Stored data entries:
= Beginning of Section =
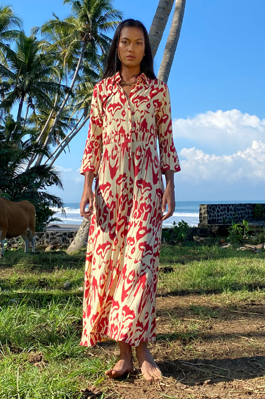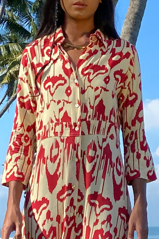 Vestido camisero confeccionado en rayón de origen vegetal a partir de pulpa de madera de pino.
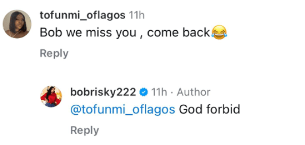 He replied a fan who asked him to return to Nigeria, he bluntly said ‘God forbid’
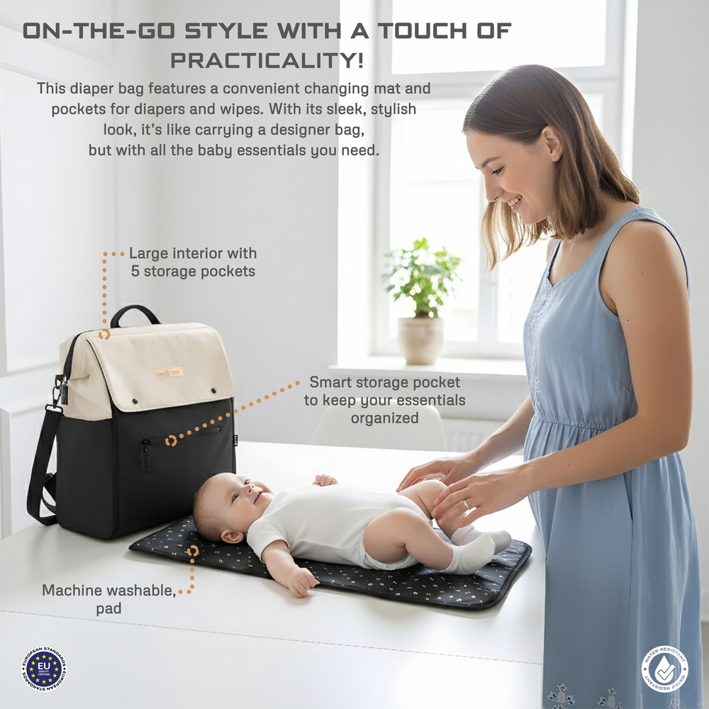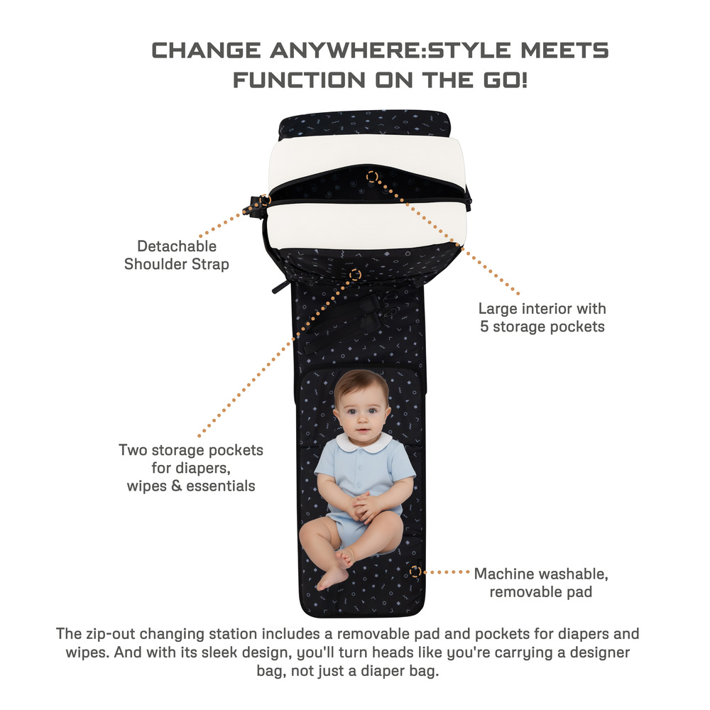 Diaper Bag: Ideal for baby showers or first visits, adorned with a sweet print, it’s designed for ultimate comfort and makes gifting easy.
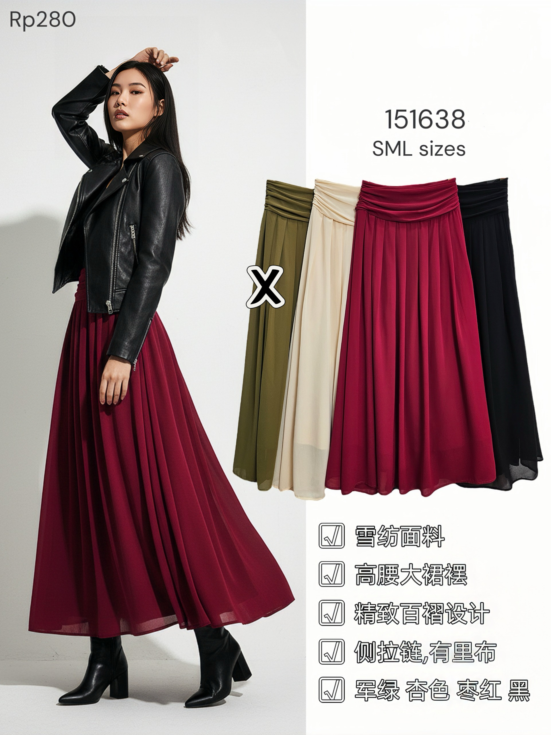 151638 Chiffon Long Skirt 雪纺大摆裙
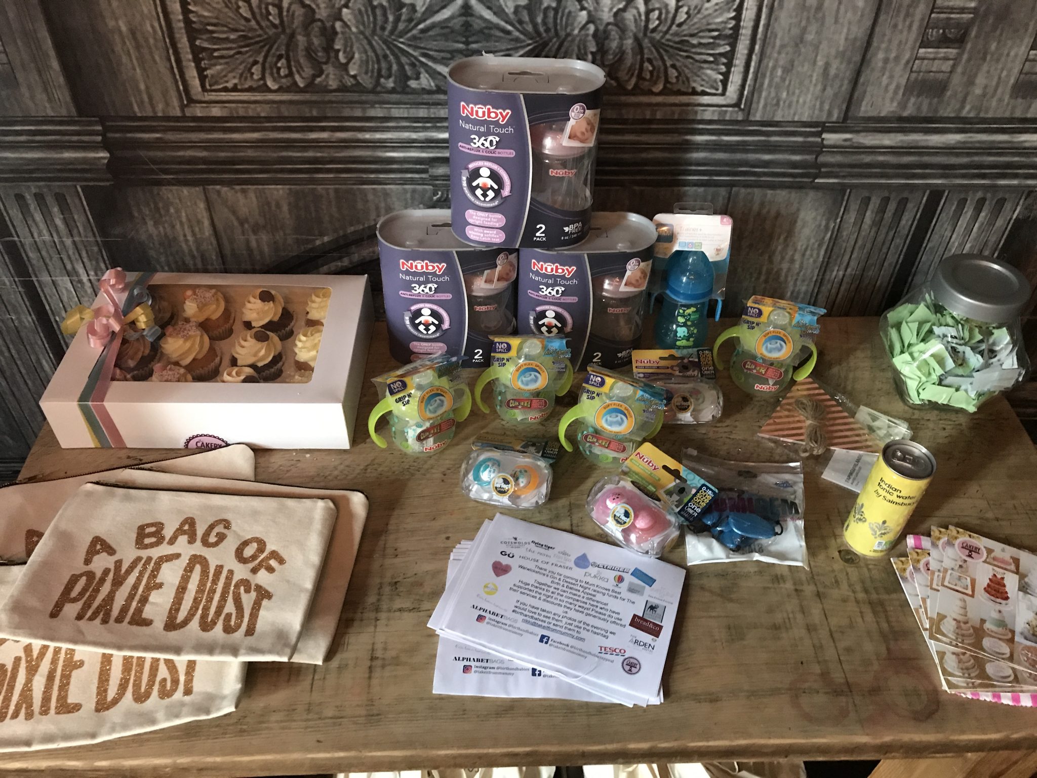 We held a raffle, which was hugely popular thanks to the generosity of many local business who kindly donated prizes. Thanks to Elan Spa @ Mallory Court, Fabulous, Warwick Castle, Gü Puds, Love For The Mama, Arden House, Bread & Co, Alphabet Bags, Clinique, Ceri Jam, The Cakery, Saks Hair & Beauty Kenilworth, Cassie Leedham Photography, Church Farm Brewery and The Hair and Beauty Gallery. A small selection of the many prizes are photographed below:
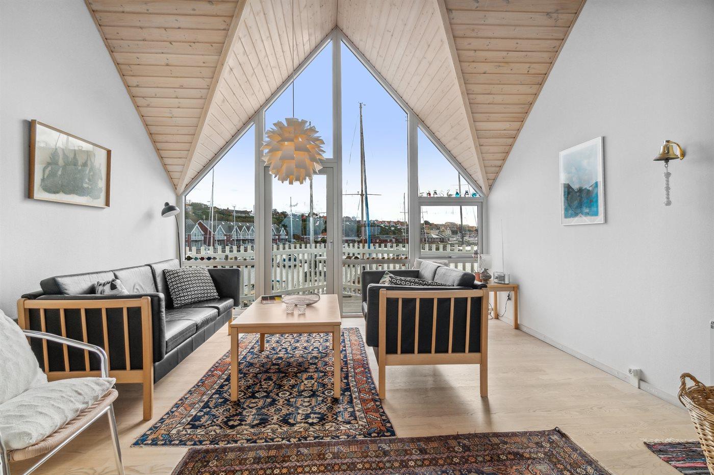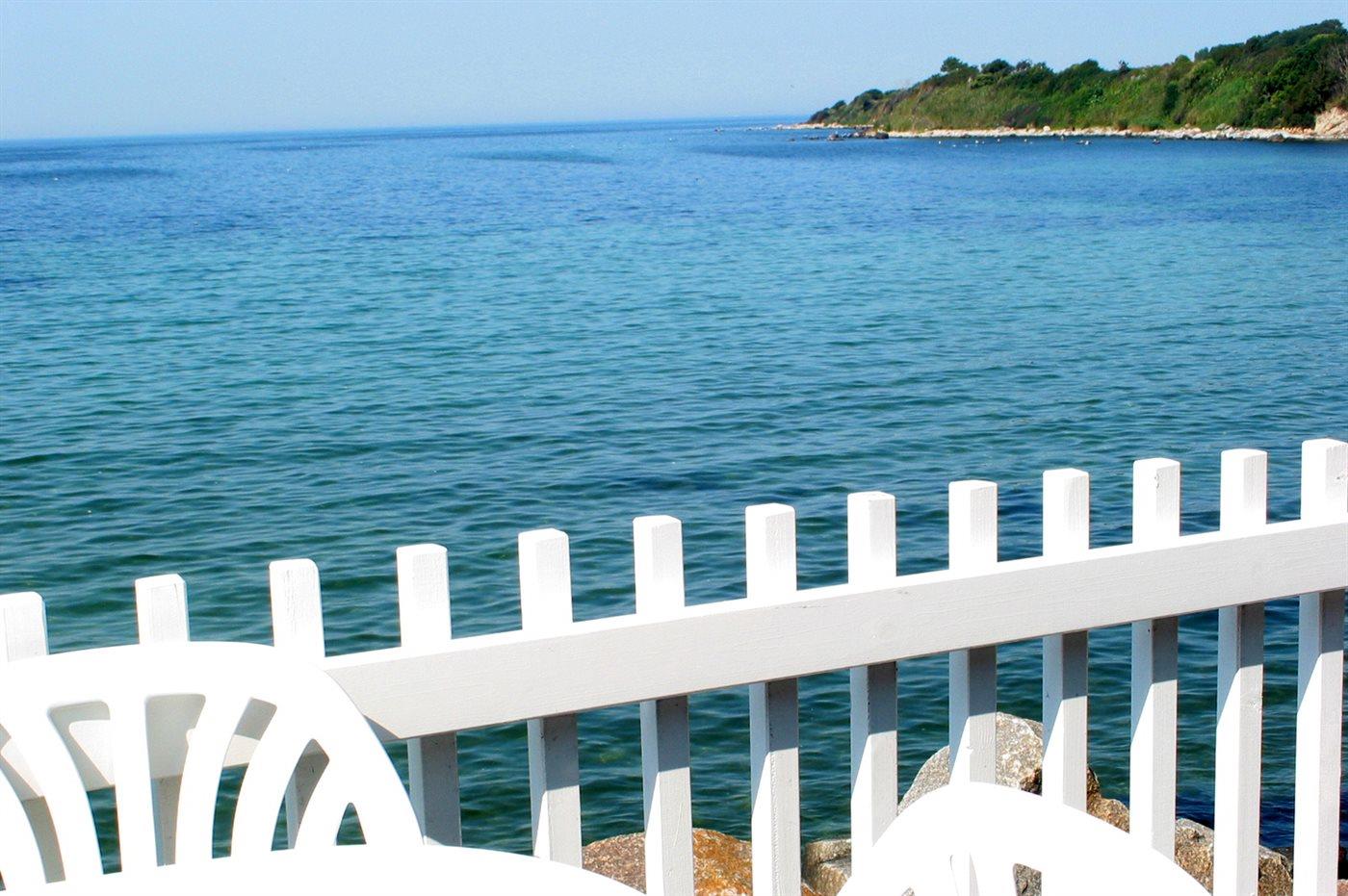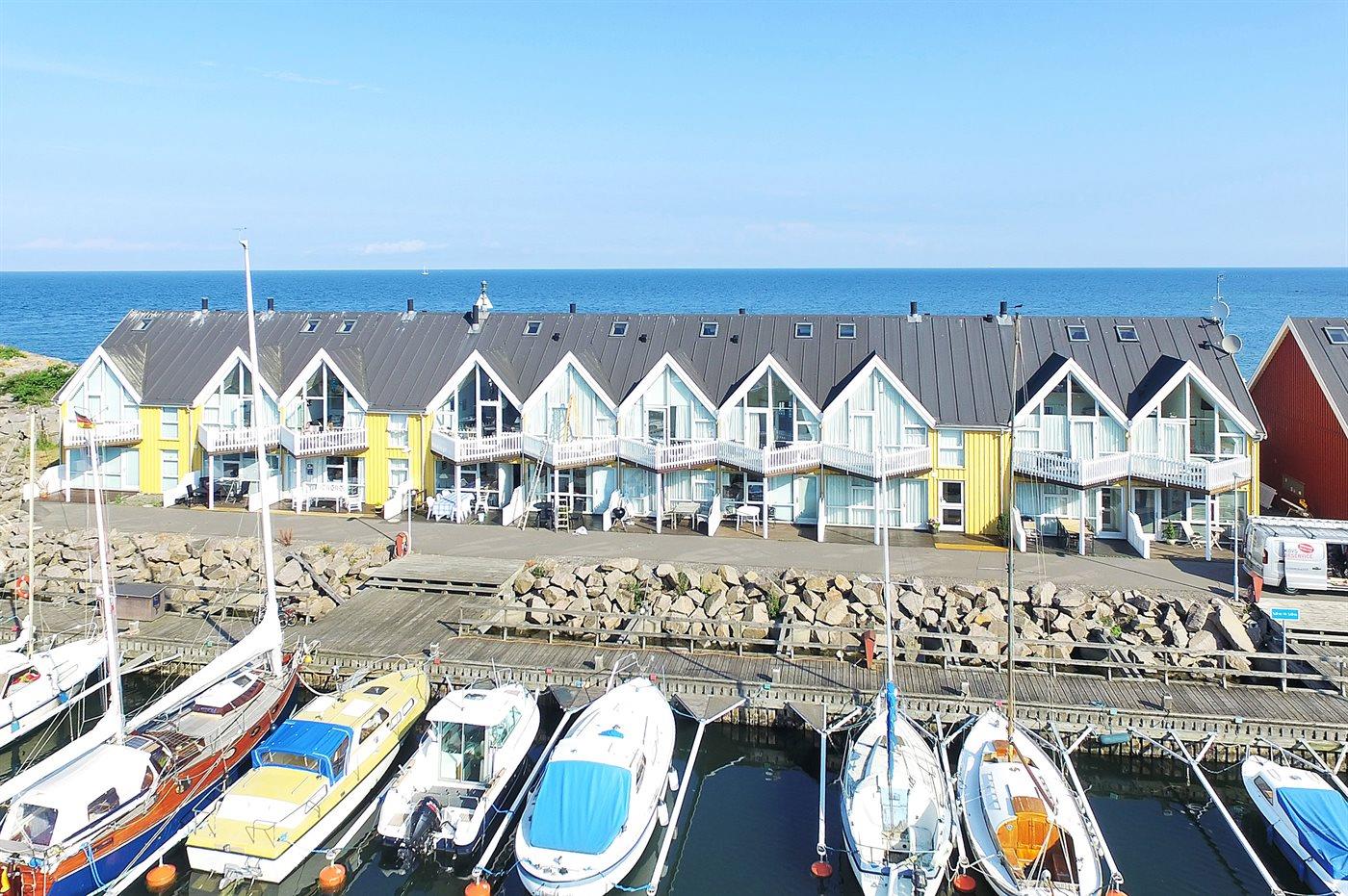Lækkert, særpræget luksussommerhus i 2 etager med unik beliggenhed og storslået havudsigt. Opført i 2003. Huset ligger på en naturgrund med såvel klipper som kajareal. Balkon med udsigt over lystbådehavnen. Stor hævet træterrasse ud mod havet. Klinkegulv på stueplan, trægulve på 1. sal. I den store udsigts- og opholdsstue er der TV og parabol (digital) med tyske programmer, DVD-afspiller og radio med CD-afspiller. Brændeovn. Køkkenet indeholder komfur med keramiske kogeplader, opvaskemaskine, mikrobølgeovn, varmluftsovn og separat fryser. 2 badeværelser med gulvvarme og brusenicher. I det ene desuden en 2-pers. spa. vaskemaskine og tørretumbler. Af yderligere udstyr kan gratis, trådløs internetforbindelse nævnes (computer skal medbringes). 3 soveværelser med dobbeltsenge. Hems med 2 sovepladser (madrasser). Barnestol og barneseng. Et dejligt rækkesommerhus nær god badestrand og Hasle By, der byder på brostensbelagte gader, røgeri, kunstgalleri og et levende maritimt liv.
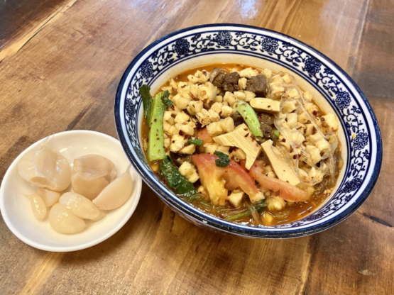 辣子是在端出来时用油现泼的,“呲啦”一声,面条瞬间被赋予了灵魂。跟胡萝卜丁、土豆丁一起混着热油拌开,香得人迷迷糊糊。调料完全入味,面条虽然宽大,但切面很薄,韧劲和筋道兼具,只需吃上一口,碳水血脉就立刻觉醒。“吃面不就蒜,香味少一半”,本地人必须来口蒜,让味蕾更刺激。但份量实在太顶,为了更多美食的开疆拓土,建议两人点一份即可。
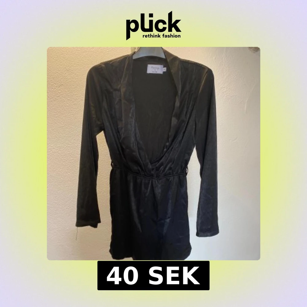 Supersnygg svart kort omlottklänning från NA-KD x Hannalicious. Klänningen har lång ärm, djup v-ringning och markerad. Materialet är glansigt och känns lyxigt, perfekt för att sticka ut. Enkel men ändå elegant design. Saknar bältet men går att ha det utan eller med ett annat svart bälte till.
= End of Section =
• [Problem requirements]:
Retype the records exactly. Any image in them should not appear in what you write.

• [Output for this task]:
 Vestido camisero confeccionado en rayón de origen vegetal a partir de pulpa de madera de pino.
 He replied a fan who asked him to return to Nigeria, he bluntly said ‘God forbid’
 Diaper Bag: Ideal for baby showers or first visits, adorned with a sweet print, it’s designed for ultimate comfort and makes gifting easy.
 151638 Chiffon Long Skirt 雪纺大摆裙
 We held a raffle, which was hugely popular thanks to the generosity of many local business who kindly donated prizes. Thanks to Elan Spa @ Mallory Court, Fabulous, Warwick Castle, Gü Puds, Love For The Mama, Arden House, Bread & Co, Alphabet Bags, Clinique, Ceri Jam, The Cakery, Saks Hair & Beauty Kenilworth, Cassie Leedham Photography, Church Farm Brewery and The Hair and Beauty Gallery. A small selection of the many prizes are photographed below:
Lækkert, særpræget luksussommerhus i 2 etager med unik beliggenhed og storslået havudsigt. Opført i 2003. Huset ligger på en naturgrund med såvel klipper som kajareal. Balkon med udsigt over lystbådehavnen. Stor hævet træterrasse ud mod havet. Klinkegulv på stueplan, trægulve på 1. sal. I den store udsigts- og opholdsstue er der TV og parabol (digital) med tyske programmer, DVD-afspiller og radio med CD-afspiller. Brændeovn. Køkkenet indeholder komfur med keramiske kogeplader, opvaskemaskine, mikrobølgeovn, varmluftsovn og separat fryser. 2 badeværelser med gulvvarme og brusenicher. I det ene desuden en 2-pers. spa. vaskemaskine og tørretumbler. Af yderligere udstyr kan gratis, trådløs internetforbindelse nævnes (computer skal medbringes). 3 soveværelser med dobbeltsenge. Hems med 2 sovepladser (madrasser). Barnestol og barneseng. Et dejligt rækkesommerhus nær god badestrand og Hasle By, der byder på brostensbelagte gader, røgeri, kunstgalleri og et levende maritimt liv.
 辣子是在端出来时用油现泼的,“呲啦”一声,面条瞬间被赋予了灵魂。跟胡萝卜丁、土豆丁一起混着热油拌开,香得人迷迷糊糊。调料完全入味,面条虽然宽大,但切面很薄,韧劲和筋道兼具,只需吃上一口,碳水血脉就立刻觉醒。“吃面不就蒜,香味少一半”,本地人必须来口蒜,让味蕾更刺激。但份量实在太顶,为了更多美食的开疆拓土,建议两人点一份即可。
 Supersnygg svart kort omlottklänning från NA-KD x Hannalicious. Klänningen har lång ärm, djup v-ringning och markerad. Materialet är glansigt och känns lyxigt, perfekt för att sticka ut. Enkel men ändå elegant design. Saknar bältet men går att ha det utan eller med ett annat svart bälte till.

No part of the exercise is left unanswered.